Task requirements –
In the listing below, a line holding "第17分钟,克鲁皮接队友传中,小角度凌空垫射破门,帮助伯恩茅斯率先打破僵局。" and a line holding "Dominantou balíčku je" mark the range. Retype both exactly, with all lines between them.

Record set –

----------------------------------------

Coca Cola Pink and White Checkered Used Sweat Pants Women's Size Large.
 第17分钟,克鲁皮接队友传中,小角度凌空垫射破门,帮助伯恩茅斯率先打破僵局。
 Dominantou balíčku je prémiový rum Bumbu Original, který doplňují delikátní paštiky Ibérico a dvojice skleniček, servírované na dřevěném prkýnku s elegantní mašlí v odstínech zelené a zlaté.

----------------------------------------

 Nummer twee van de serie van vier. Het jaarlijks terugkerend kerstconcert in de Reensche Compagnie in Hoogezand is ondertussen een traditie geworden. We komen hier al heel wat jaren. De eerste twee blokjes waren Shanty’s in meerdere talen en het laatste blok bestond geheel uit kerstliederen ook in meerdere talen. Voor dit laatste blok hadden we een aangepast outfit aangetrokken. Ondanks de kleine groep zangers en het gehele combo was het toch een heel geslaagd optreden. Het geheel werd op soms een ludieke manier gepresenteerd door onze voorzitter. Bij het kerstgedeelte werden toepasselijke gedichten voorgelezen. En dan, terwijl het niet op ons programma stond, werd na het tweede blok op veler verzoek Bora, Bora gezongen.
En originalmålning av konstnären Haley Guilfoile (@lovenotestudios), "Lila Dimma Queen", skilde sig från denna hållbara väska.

----------------------------------------

Reply to the exercise –
 第17分钟,克鲁皮接队友传中,小角度凌空垫射破门,帮助伯恩茅斯率先打破僵局。
 Dominantou balíčku je prémiový rum Bumbu Original, který doplňují delikátní paštiky Ibérico a dvojice skleniček, servírované na dřevěném prkýnku s elegantní mašlí v odstínech zelené a zlaté.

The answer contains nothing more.